[RECORDS SUPPLIED]:
^^^^

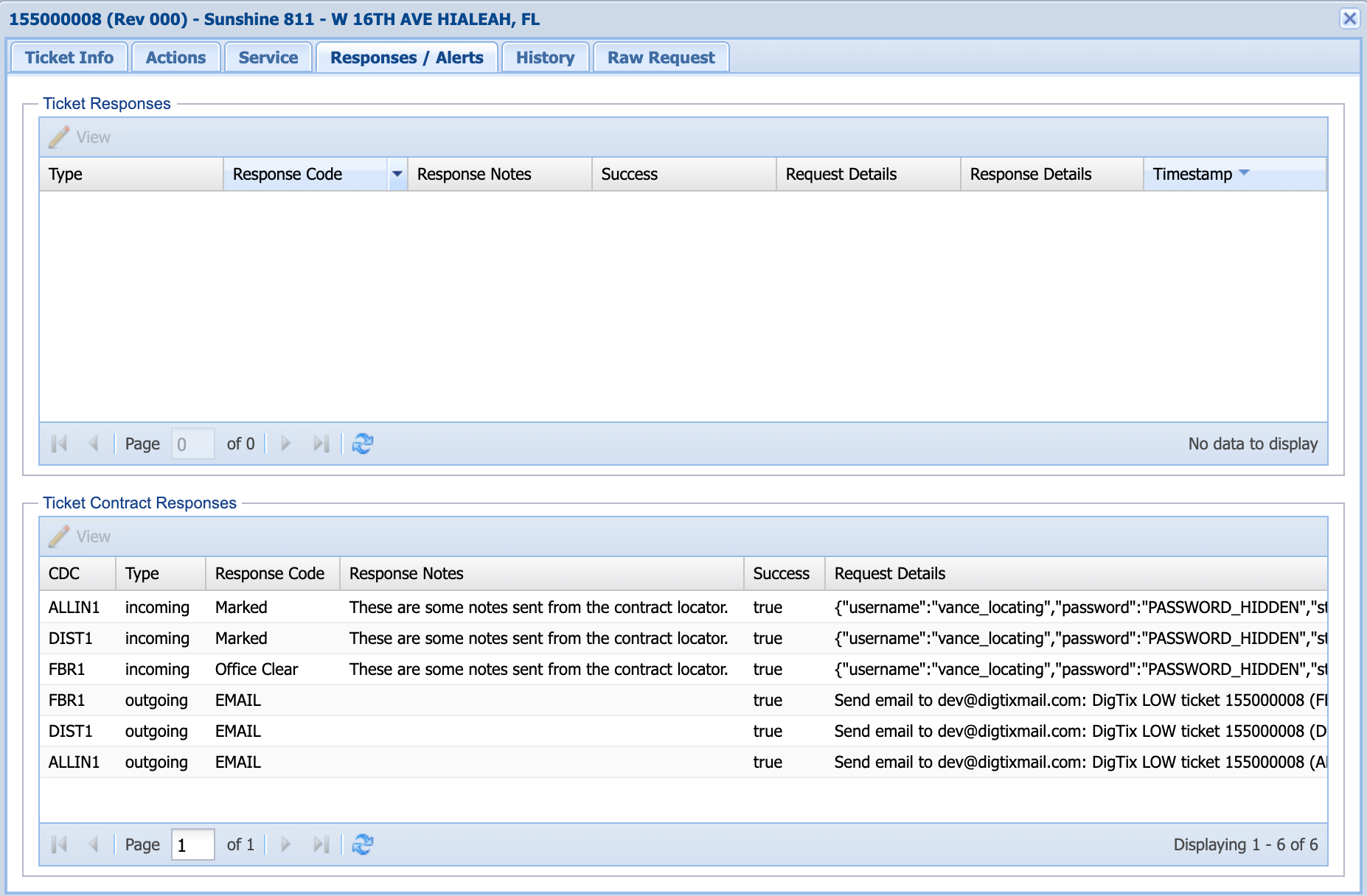 Response codes which are sent to third parties are logged within the "Responses / Alerts" tab of the ticket window.
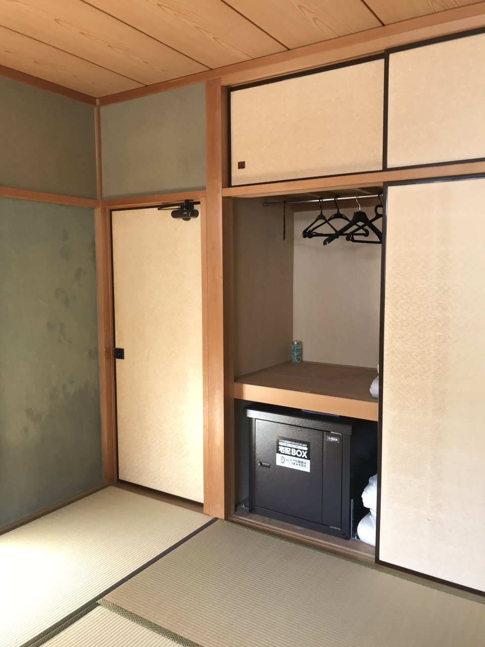 当101号室は、1階6畳の和室で、1~3人用の畳部屋で、布団で寝ていただきます。屏風や簡易な床の間、天然木座卓があり、日本風生活様式が体験できます。また、クローク・押入れ、4桁の暗証番号で開閉するロッカーも押入れ内にあります。
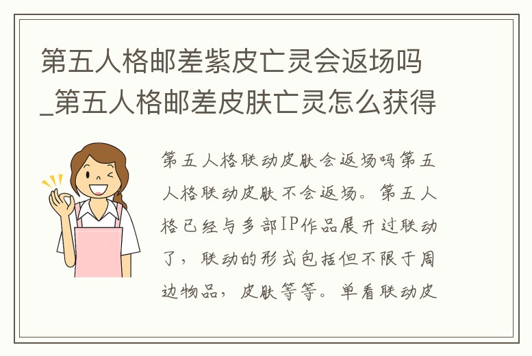- 第五人格郵差紫皮亡靈會(huì)返場(chǎng)嗎_第五人格郵差皮膚亡靈怎么獲得
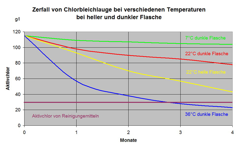 Konzentration (und Menge) nur bei der Wasseraufbereitung für. Ist die Chlorbleichlauge vielleicht nicht zu Überdosiert mit der . Konzentrationen Störungen der Abbauaktivität von Belebtschlamm möglich. Die obige Aussage der Firma kann die Anwender von Chlorbleichlauge (DanKlorix).
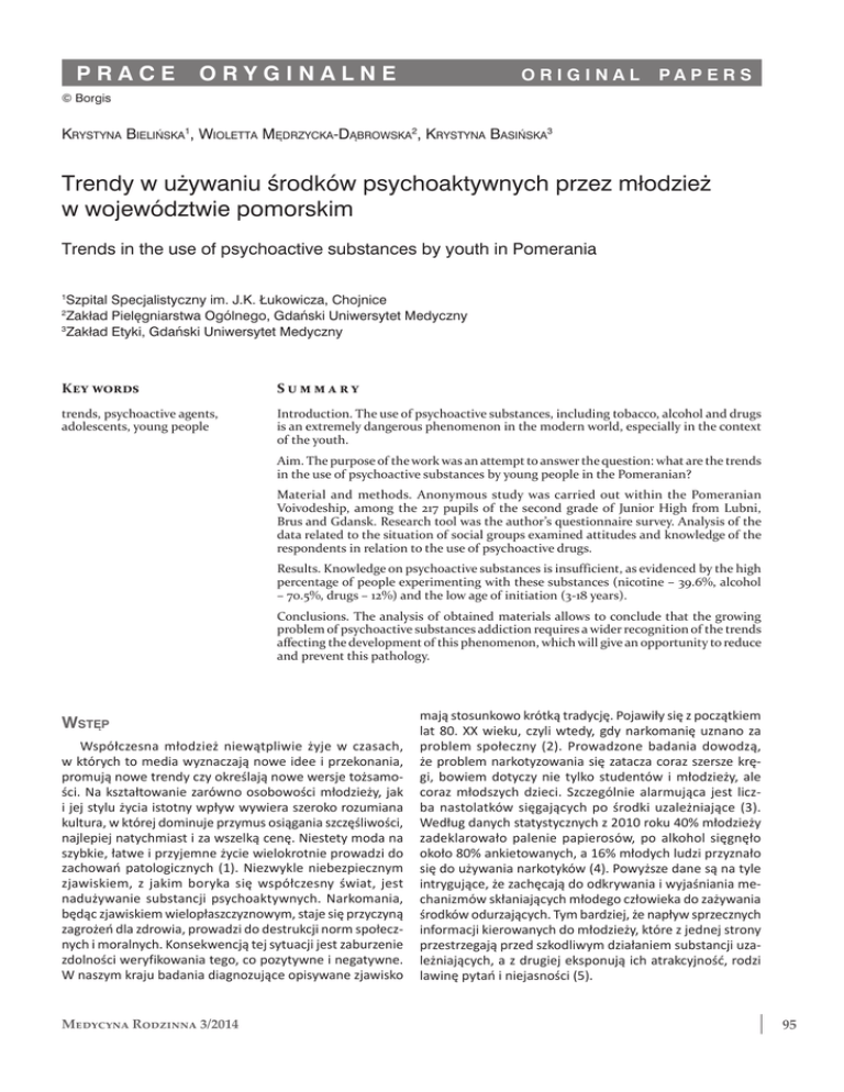 PRACE ORYGINALNE ORIGINAL PA P E R S © Borgis Krystyna Bielińska1, Wioletta Mędrzycka-Dąbrowska2, Krystyna Basińska3 Trendy w używaniu środków psychoaktywnych przez młodzież w województwie pomorskim Trends in the use of psychoactive substances by youth in Pomerania Szpital Specjalistyczny im. J.K. Łukowicza, Chojnice Zakład Pielęgniarstwa Ogólnego, Gdański Uniwersytet Medyczny 3 Zakład Etyki, Gdański Uniwersytet Medyczny 1 2 Key words Summary trends, psychoactive agents, adolescents, young people Introduction. The use of psychoactive substances, including tobacco, alcohol and drugs is an extremely dangerous phenomenon in the modern world, especially in the context of the youth. Aim. The purpose of the work was an attempt to answer the question: what are the trends in the use of psychoactive substances by young people in the Pomeranian? Material and methods. Anonymous study was carried out within the Pomeranian Voivodeship, among the 217 pupils of the second grade of Junior High from Lubni, Brus and Gdansk. Research tool was the author’s questionnaire survey. Analysis of the data related to the situation of social groups examined attitudes and knowledge of the respondents in relation to the use of psychoactive drugs. Results. Knowledge on psychoactive substances is insufficient, as evidenced by the high percentage of people experimenting with these substances (nicotine – 39.6%, alcohol – 70.5%, drugs – 12%) and the low age of initiation (3-18 years). Conclusions. The analysis of obtained materials allows to conclude that the growing problem of psychoactive substances addiction requires a wider recognition of the trends affecting the development of this phenomenon, which will give an opportunity to reduce and prevent this pathology. Wstęp Współczesna młodzież niewątpliwie żyje w czasach, w których to media wyznaczają nowe idee i przekonania, promują nowe trendy czy określają nowe wersje tożsamości. Na kształtowanie zarówno osobowości młodzieży, jak i jej stylu życia istotny wpływ wywiera szeroko rozumiana kultura, w której dominuje przymus osiągania szczęśliwości, najlepiej natychmiast i za wszelką cenę. Niestety moda na szybkie, łatwe i przyjemne życie wielokrotnie prowadzi do zachowań patologicznych (1). Niezwykle niebezpiecznym zjawiskiem, z jakim boryka się współczesny świat, jest nadużywanie substancji psychoaktywnych. Narkomania, będąc zjawiskiem wielopłaszczyznowym, staje się przyczyną zagrożeń dla zdrowia, prowadzi do destrukcji norm społecznych i moralnych. Konsekwencją tej sytuacji jest zaburzenie zdolności weryfikowania tego, co pozytywne i negatywne. W naszym kraju badania diagnozujące opisywane zjawisko Medycyna Rodzinna 3/2014 mają stosunkowo krótką tradycję. Pojawiły się z początkiem lat 80. XX wieku, czyli wtedy, gdy narkomanię uznano za problem społeczny (2). Prowadzone badania dowodzą, że problem narkotyzowania się zatacza coraz szersze kręgi, bowiem dotyczy nie tylko studentów i młodzieży, ale coraz młodszych dzieci. Szczególnie alarmująca jest liczba nastolatków sięgających po środki uzależniające (3). Według danych statystycznych z 2010 roku 40% młodzieży zadeklarowało palenie papierosów, po alkohol sięgnęło około 80% ankietowanych, a 16% młodych ludzi przyznało się do używania narkotyków (4). Powyższe dane są na tyle intrygujące, że zachęcają do odkrywania i wyjaśniania mechanizmów skłaniających młodego człowieka do zażywania środków odurzających. Tym bardziej, że napływ sprzecznych informacji kierowanych do młodzieży, które z jednej strony przestrzegają przed szkodliwym działaniem substancji uzależniających, a z drugiej eksponują ich atrakcyjność, rodzi lawinę pytań i niejasności (5). 95 Krystyna Bielińska, Wioletta Mędrzycka-Dąbrowska, Krystyna Basińska Cel pracy Celem pracy była próba odpowiedzi na pytanie: Jakie trendy występują w używaniu środków psychoaktywnych przez młodzież w województwie pomorskim? Do osiągnięcia przedstawionego celu pracy wyodrębniono następujące problemy badawcze: 1. Jaka jest wiedza gimnazjalistów na temat środków psychoaktywnych? 2. Jakie środki psychoaktywne są najczęściej używane przez młodzież? 3. Jakie czynniki według respondenta predysponują do stosowania środków psychoaktywnych? 4. Jakie formy spędzania czasu wolnego preferują gimnazjaliści? 5. Jaką postawę prezentują ankietowani wobec zajęć ukazujących wpływ środków psychoaktywnych na zdrowie? Materiał i metody Badania zostały przeprowadzone w roku szkolnym 2011/2012 wśród gimnazjalistów z terenu województwa pomorskiego. Na przeprowadzenie badań uzyskano zgody dyrektorów szkół. Przystąpienie do wypełnienia ankiety było dobrowolne. Respondentów poinformowano o anonimowości badań oraz zasadach wypełnienia kwestionariusza, w przypadku wątpliwości udzielono stosownych wyjaśnień. Ze względu na osobisty charakter niektórych pytań kwestią nadrzędną było zdobycie zaufania ankietowanych oraz zachęcenie ich do udzielania szczerych odpowiedzi. Kilkakrotnie zapewniono badanych, że żadna z wypowiedzi nie zostanie wykorzystana przeciwko nim. W celu przeprowadzenia badań zastosowano metodę sondażu diagnostycznego. Narzędziem był autorski kwestionariusz ankiety, zawierający wstęp objaśniający respondentowi, jaki jest cel badania oraz zapewnienie o jego anonimowości i poufności. Prosząc o udzielenie szczerych odpowiedzi, podkreślono ważność poruszanego problemu. Kwestionariusz składał się z dwóch części, łącznie zawierał 26 pytań. Treścią kwestionariusza były pytania otwarte oraz zamknięte z wyznaczonymi z góry możliwymi wariantami odpowiedzi. W większości pytań respondent mógł wybrać tylko jedną odpowiedź, jedno pytanie dawało szansę wyboru maksymalnie trzech odpowiedzi. Część ogólna kwestionariusza zawierała pytania metryczkowe, charak

^^^^

[TRY IT]:
Skip the pictures, then retype every line above exactly.

[RESPONSE FOR THIS EXERCISE]:
 Response codes which are sent to third parties are logged within the "Responses / Alerts" tab of the ticket window.
 当101号室は、1階6畳の和室で、1~3人用の畳部屋で、布団で寝ていただきます。屏風や簡易な床の間、天然木座卓があり、日本風生活様式が体験できます。また、クローク・押入れ、4桁の暗証番号で開閉するロッカーも押入れ内にあります。
- 第五人格郵差紫皮亡靈會(huì)返場(chǎng)嗎_第五人格郵差皮膚亡靈怎么獲得
 Konzentration (und Menge) nur bei der Wasseraufbereitung für. Ist die Chlorbleichlauge vielleicht nicht zu Überdosiert mit der . Konzentrationen Störungen der Abbauaktivität von Belebtschlamm möglich. Die obige Aussage der Firma kann die Anwender von Chlorbleichlauge (DanKlorix).
 PRACE ORYGINALNE ORIGINAL PA P E R S © Borgis Krystyna Bielińska1, Wioletta Mędrzycka-Dąbrowska2, Krystyna Basińska3 Trendy w używaniu środków psychoaktywnych przez młodzież w województwie pomorskim Trends in the use of psychoactive substances by youth in Pomerania Szpital Specjalistyczny im. J.K. Łukowicza, Chojnice Zakład Pielęgniarstwa Ogólnego, Gdański Uniwersytet Medyczny 3 Zakład Etyki, Gdański Uniwersytet Medyczny 1 2 Key words Summary trends, psychoactive agents, adolescents, young people Introduction. The use of psychoactive substances, including tobacco, alcohol and drugs is an extremely dangerous phenomenon in the modern world, especially in the context of the youth. Aim. The purpose of the work was an attempt to answer the question: what are the trends in the use of psychoactive substances by young people in the Pomeranian? Material and methods. Anonymous study was carried out within the Pomeranian Voivodeship, among the 217 pupils of the second grade of Junior High from Lubni, Brus and Gdansk. Research tool was the author’s questionnaire survey. Analysis of the data related to the situation of social groups examined attitudes and knowledge of the respondents in relation to the use of psychoactive drugs. Results. Knowledge on psychoactive substances is insufficient, as evidenced by the high percentage of people experimenting with these substances (nicotine – 39.6%, alcohol – 70.5%, drugs – 12%) and the low age of initiation (3-18 years). Conclusions. The analysis of obtained materials allows to conclude that the growing problem of psychoactive substances addiction requires a wider recognition of the trends affecting the development of this phenomenon, which will give an opportunity to reduce and prevent this pathology. Wstęp Współczesna młodzież niewątpliwie żyje w czasach, w których to media wyznaczają nowe idee i przekonania, promują nowe trendy czy określają nowe wersje tożsamości. Na kształtowanie zarówno osobowości młodzieży, jak i jej stylu życia istotny wpływ wywiera szeroko rozumiana kultura, w której dominuje przymus osiągania szczęśliwości, najlepiej natychmiast i za wszelką cenę. Niestety moda na szybkie, łatwe i przyjemne życie wielokrotnie prowadzi do zachowań patologicznych (1). Niezwykle niebezpiecznym zjawiskiem, z jakim boryka się współczesny świat, jest nadużywanie substancji psychoaktywnych. Narkomania, będąc zjawiskiem wielopłaszczyznowym, staje się przyczyną zagrożeń dla zdrowia, prowadzi do destrukcji norm społecznych i moralnych. Konsekwencją tej sytuacji jest zaburzenie zdolności weryfikowania tego, co pozytywne i negatywne. W naszym kraju badania diagnozujące opisywane zjawisko Medycyna Rodzinna 3/2014 mają stosunkowo krótką tradycję. Pojawiły się z początkiem lat 80. XX wieku, czyli wtedy, gdy narkomanię uznano za problem społeczny (2). Prowadzone badania dowodzą, że problem narkotyzowania się zatacza coraz szersze kręgi, bowiem dotyczy nie tylko studentów i młodzieży, ale coraz młodszych dzieci. Szczególnie alarmująca jest liczba nastolatków sięgających po środki uzależniające (3). Według danych statystycznych z 2010 roku 40% młodzieży zadeklarowało palenie papierosów, po alkohol sięgnęło około 80% ankietowanych, a 16% młodych ludzi przyznało się do używania narkotyków (4). Powyższe dane są na tyle intrygujące, że zachęcają do odkrywania i wyjaśniania mechanizmów skłaniających młodego człowieka do zażywania środków odurzających. Tym bardziej, że napływ sprzecznych informacji kierowanych do młodzieży, które z jednej strony przestrzegają przed szkodliwym działaniem substancji uzależniających, a z drugiej eksponują ich atrakcyjność, rodzi lawinę pytań i niejasności (5). 95 Krystyna Bielińska, Wioletta Mędrzycka-Dąbrowska, Krystyna Basińska Cel pracy Celem pracy była próba odpowiedzi na pytanie: Jakie trendy występują w używaniu środków psychoaktywnych przez młodzież w województwie pomorskim? Do osiągnięcia przedstawionego celu pracy wyodrębniono następujące problemy badawcze: 1. Jaka jest wiedza gimnazjalistów na temat środków psychoaktywnych? 2. Jakie środki psychoaktywne są najczęściej używane przez młodzież? 3. Jakie czynniki według respondenta predysponują do stosowania środków psychoaktywnych? 4. Jakie formy spędzania czasu wolnego preferują gimnazjaliści? 5. Jaką postawę prezentują ankietowani wobec zajęć ukazujących wpływ środków psychoaktywnych na zdrowie? Materiał i metody Badania zostały przeprowadzone w roku szkolnym 2011/2012 wśród gimnazjalistów z terenu województwa pomorskiego. Na przeprowadzenie badań uzyskano zgody dyrektorów szkół. Przystąpienie do wypełnienia ankiety było dobrowolne. Respondentów poinformowano o anonimowości badań oraz zasadach wypełnienia kwestionariusza, w przypadku wątpliwości udzielono stosownych wyjaśnień. Ze względu na osobisty charakter niektórych pytań kwestią nadrzędną było zdobycie zaufania ankietowanych oraz zachęcenie ich do udzielania szczerych odpowiedzi. Kilkakrotnie zapewniono badanych, że żadna z wypowiedzi nie zostanie wykorzystana przeciwko nim. W celu przeprowadzenia badań zastosowano metodę sondażu diagnostycznego. Narzędziem był autorski kwestionariusz ankiety, zawierający wstęp objaśniający respondentowi, jaki jest cel badania oraz zapewnienie o jego anonimowości i poufności. Prosząc o udzielenie szczerych odpowiedzi, podkreślono ważność poruszanego problemu. Kwestionariusz składał się z dwóch części, łącznie zawierał 26 pytań. Treścią kwestionariusza były pytania otwarte oraz zamknięte z wyznaczonymi z góry możliwymi wariantami odpowiedzi. W większości pytań respondent mógł wybrać tylko jedną odpowiedź, jedno pytanie dawało szansę wyboru maksymalnie trzech odpowiedzi. Część ogólna kwestionariusza zawierała pytania metryczkowe, charak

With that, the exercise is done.